If you used rc-update, make sure you put them in default, not boot. The NIC needs to be up before you bring the pppoe up.

----------

## whitesuit

I put them in /etc/modules.autoload.d/kernel-2.6 as the manual says it should be put.

Is there a better way ?

----------

## madchaz

I'm sorry, I wasn't clear. 

How do you start pppoe? Is it started as a service?

----------

## whitesuit

I start it exactly as i do in the livecd, using pppoe-start in a root shell. I don`t understand why this happens. I already tried installing with the livecd`s kernel but it`s the same problem. Maybe it`s something with that particular version of rp-pppoe ?

----------

## madchaz

When it times out, what error does it give you, if any?

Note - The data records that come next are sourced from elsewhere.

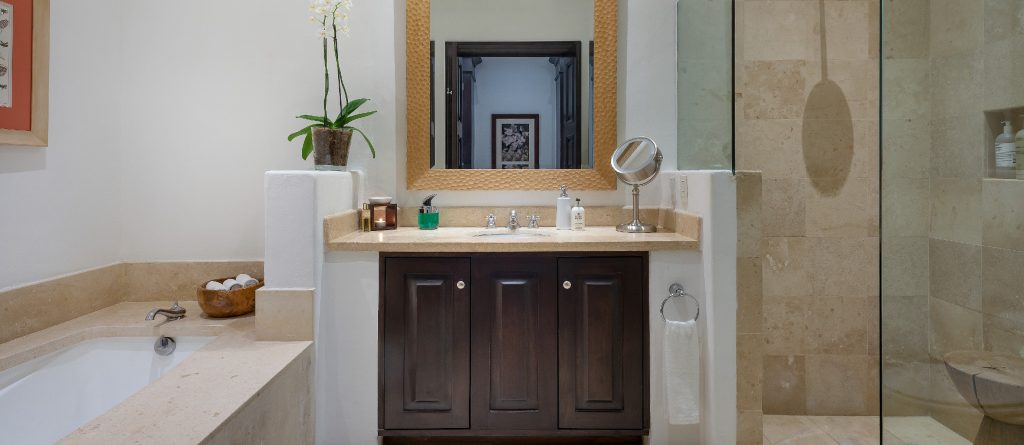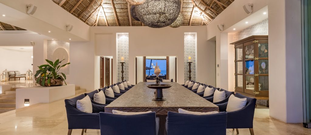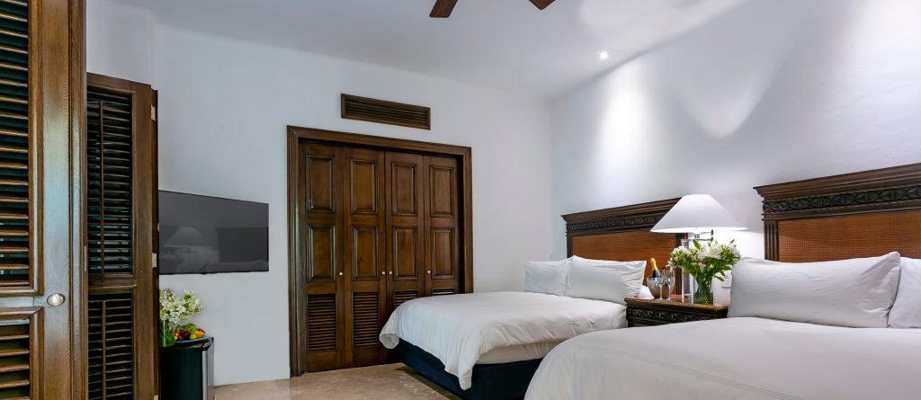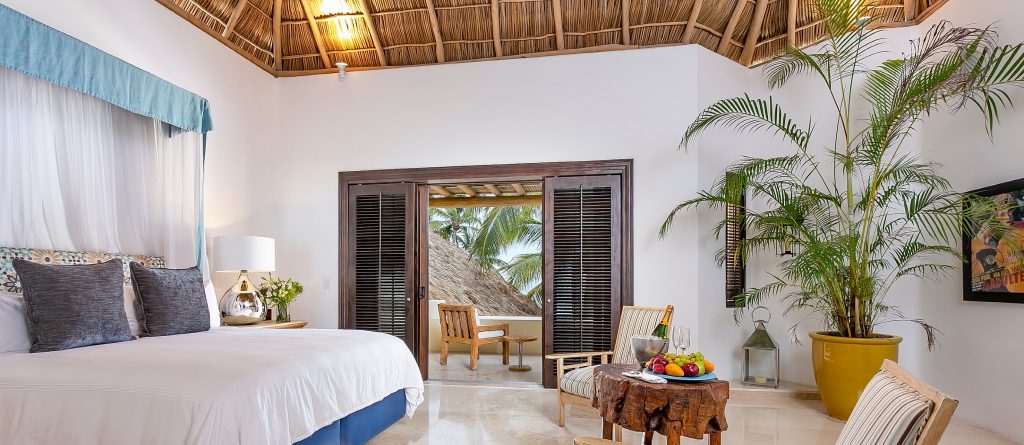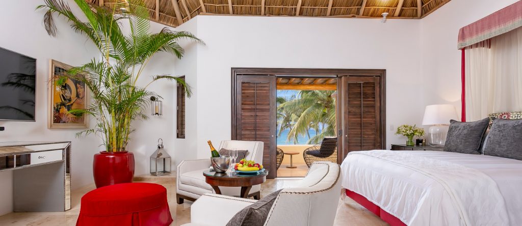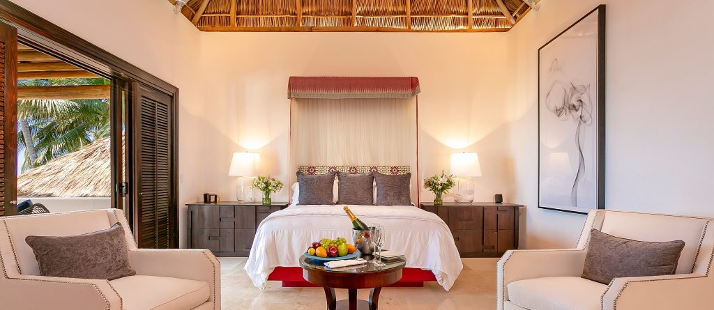 All master suites include a King-size bed, Palapa Roof, en-suite bathroom with shower and tub, Air conditioning, English Language HD 4K Satellite TV, Apple TV with Airplay and Netflix, DVD player, iPhone dock, Separate sound system with Bluetooth audio, High-Speed Wi-Fi access, USB charging port, Electronic Safe, Mini-bar, Refrigerator, Oceanfront.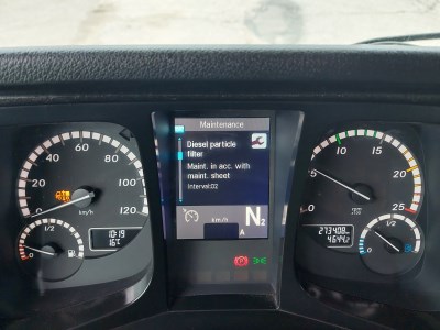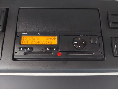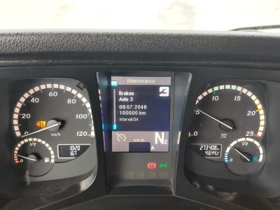 Nefunkční ECAS (elektronicky řízené vzduchové odpružení), neplatné ověření tachografu, provozní oděrky, ranka na čelním skle, poškozené levé schůdky
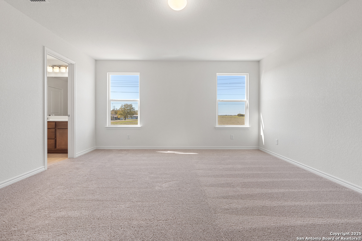 Step into comfort and style with 9-ft. first floor ceilings and designer touches throughout. The kitchen features Whirlpool stainless steel appliances, Woodmont Cody 42-in. upper cabinets, Silestone countertops in Linen Cream, and a Moen faucet. In the primary bath, enjoy upgraded cabinets and a 42-in. garden tub/shower with a Daltile tile surround. Decorative upgrades include a Carrara-style entry door, Kwikset Polo knob hardware, and CF Choice ceramic tile flooring in the kitchen, living room, and bathrooms. Additional perks include a wireless security system, soft water loop, automatic sprinkler system, and a fully sodded yard.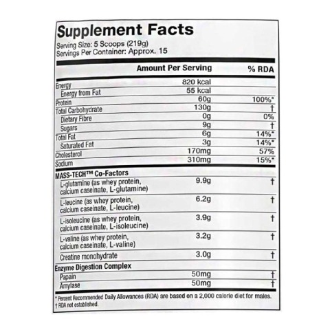 Enhanced with clinically proven creatine Each calorie-dense serving is enhanced with a huge ultra-pure 10g dose of the most studied form of creatine for even better gains in muscle and strength. Mass-Tech Elite features more protein per serving than competitors with 80g of multi-phase protein when mixed with 2 cups of skim milk. Of water or skim milk.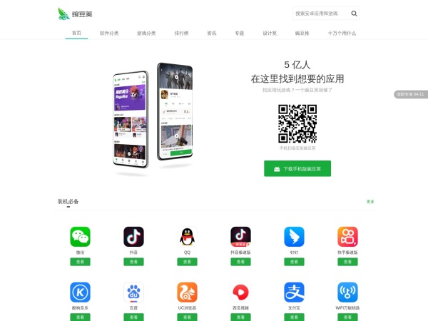 豌豆荚是一家提供绿色安全应用与游戏的下载市场,商店上汇聚了海量更新更全的安卓软件、安卓应用和安卓游戏免费下载资源。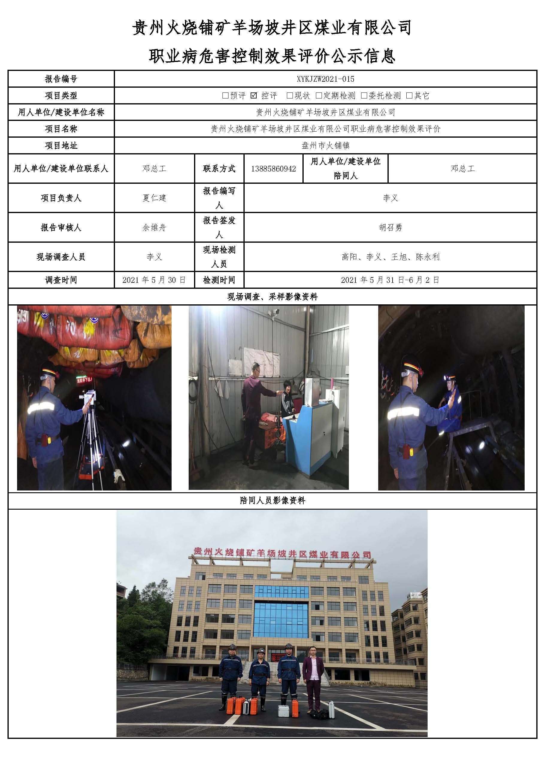 貴州火燒鋪礦羊場坡井區(qū)煤業(yè)有限公司 職業(yè)病危害控制效果評價公示信息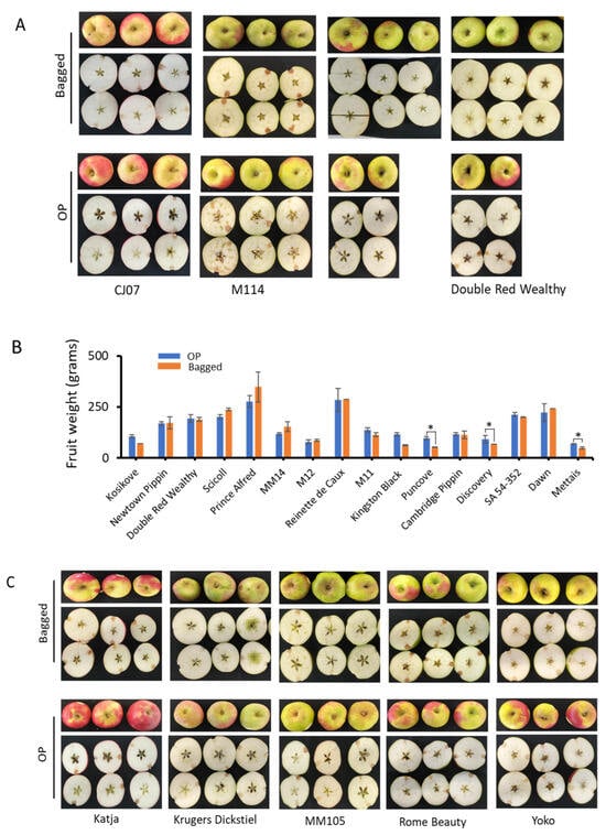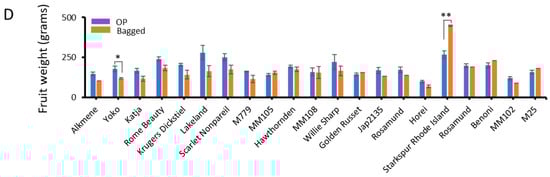 Phenotypic analysis of fruit derived from open-pollinated (OP) and bagged flowers of Malus domestica accessions. (A) Parthenocarpic accessions ‘CJ07’, ‘MM114’, ‘Prince Alfred’, and ‘Double Red Wealthy’. Seeds were found in the fruit derived from OP flowers (bottom panel) but not found in fruit derived from bagged flowers (upper panel). (B) The graph shows the average fruit weight of those derived from OP and bagged flowers of 22 parthenocarpic accessions. (C) Photographs show whole and cut fruit of five self-compatible accessions ‘Katja’, ‘Krugers Dickstiel’, ‘MM105’, ‘Rome Beauty’, and ‘Yoko’. Seeds were found in the fruit derived from both OP (bottom panel) and bagged flowers (upper panel). (D) The graph shows average fruit weight of those derived from OP and bagged flowers of 26 self-compatible accessions. The error bars present SE of three fruits for OP accessions, and variable fruits for bagged accessions. Asterisks indicate significant differences between bagged and OP fruits (*, p < 0.05; **, p < 0.01, Student’s test).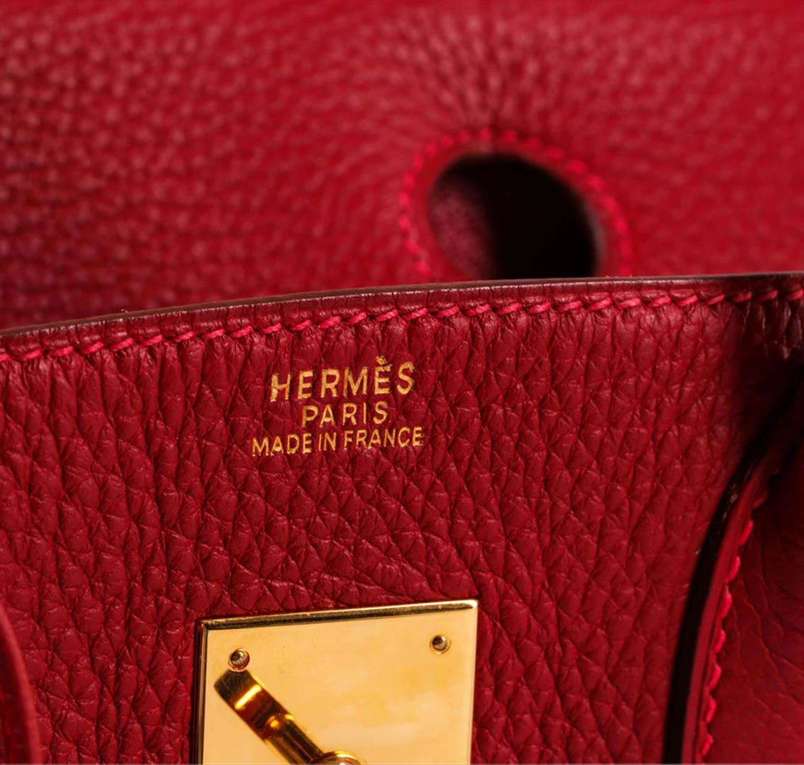 One Hermes red Birkin bag in good condition. The bag features a small zippered pouch and an additional flap pouch for storage and easy organization. The bag measures approximately 11.5" x 8.25" x 6".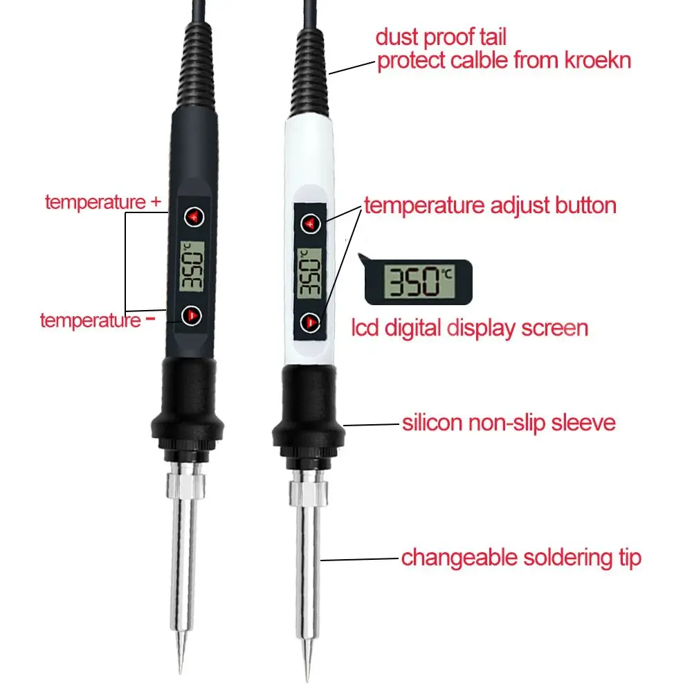 • LCD Display :The soldering iron has an LCD display that shows the temperature and other settings, making it easy to monitor and adjust the soldering process.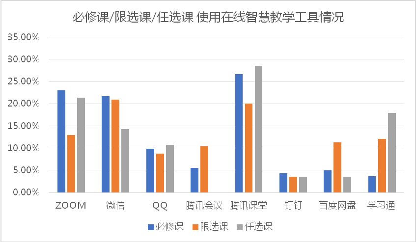 各专业根据课程特点和教学要求,使用多种在线教学平台和智慧工具开展教学,教学方式主要以直播、线上研讨、作业辅导等多种形式进行线上授课。使用线教学平台和智慧工具主要是超星尔雅、微信、Zoom会议、腾讯课堂、超星学习通等。随着在线教学的不断推进,课程教学计划与方案也在不断调整完善,目前教学运行逐渐稳定,师生互动良好,教学效果和质量日益提升。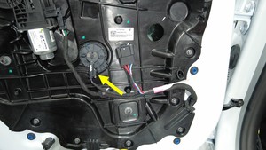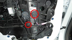 - 松开将左后车门线束固定到左后车窗电机/升降器总成的夹子(2 个)。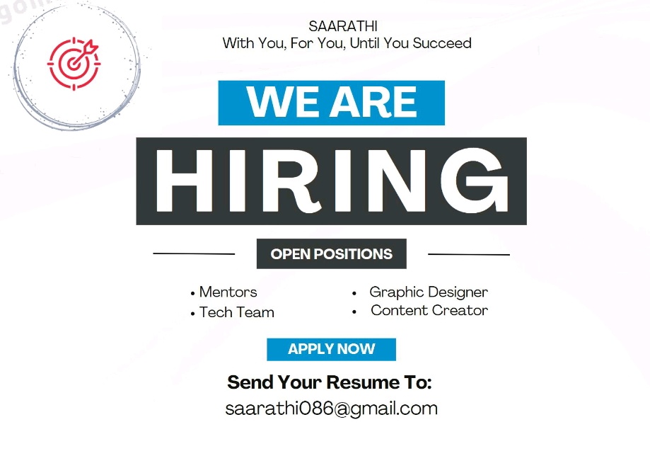 Saarathi is Hiring! | Join the Movement We're building a strong team to guide thousands of students across India and we need YOU! Are you passionate about mentoring, tech, design, or content? Saarathi is expanding its core team. Come, make a diffe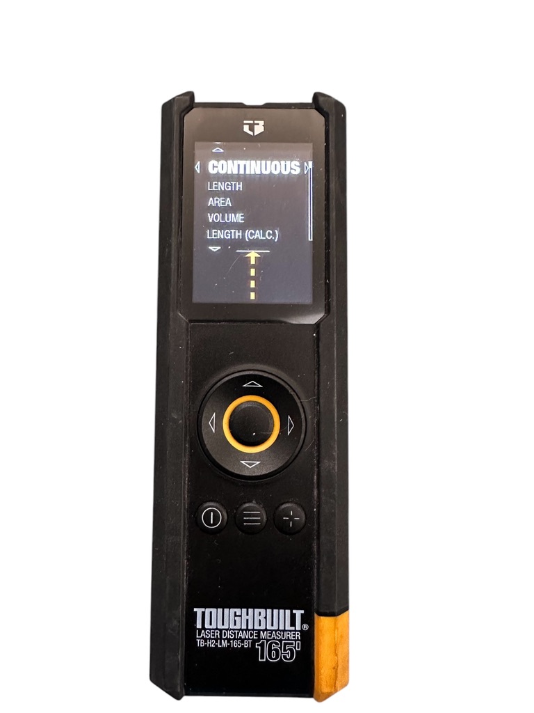 ToughBuild Laser Measurer, model TB-H2-LM-165-BT, 2" - 165', length, area, volume, angle (level), bluetooth, metric/ft, instructional manual

Is eth0 the only NIC you have?

----------

## whitesuit

 *Quote:*   

> When it times out, what error does it give you, if any?

 

only .........TIMED OUT

 *Quote:*   

> Is eth0 the only NIC you have?

 

Yes.

----------

## whitesuit

It showed me this a couple of times:

# pppoe-start

................TIMED OUT

/usr/sbin/pppoe-start: line 198:  8321 Terminated              $CONNECT <(echo "$CONFREAD") >/dev/null 2>&1 

my problem seems similar to this: https://forums.gentoo.org/viewtopic-t-455270-highlight-pppoestart.html

----------

## madchaz

Do you have the same errors in your logs?

Try posting the errors you get there. 

Other then that, I would suggest a re-compile of the kernel, making sure you enabled all the PPPoE settings and disabled IPv6 unless you really need it.

----------

## Roman_Gruber

hi,

have you entered your adsl acount: user name, user password

There are certain conf. files in /etc for ppp

e.g. for a chap authentification, you have to enter your: user name, user password to 

/etc/ppp/chap-secrets

i personally use the command pptp command, which works fine for me.

what i do, do establish a connection over a 510 adsl ethernet modem from thompson

dhcpcd eth1                      .. gives me a ip address

route del default               ..  kills the default route

pptp 10.0.0.138                 .. make a tunnel over 10.0.0.138 (standard ip address of a thompson modem)

its a good advice to use the logging console to see, what the system is doing.

----------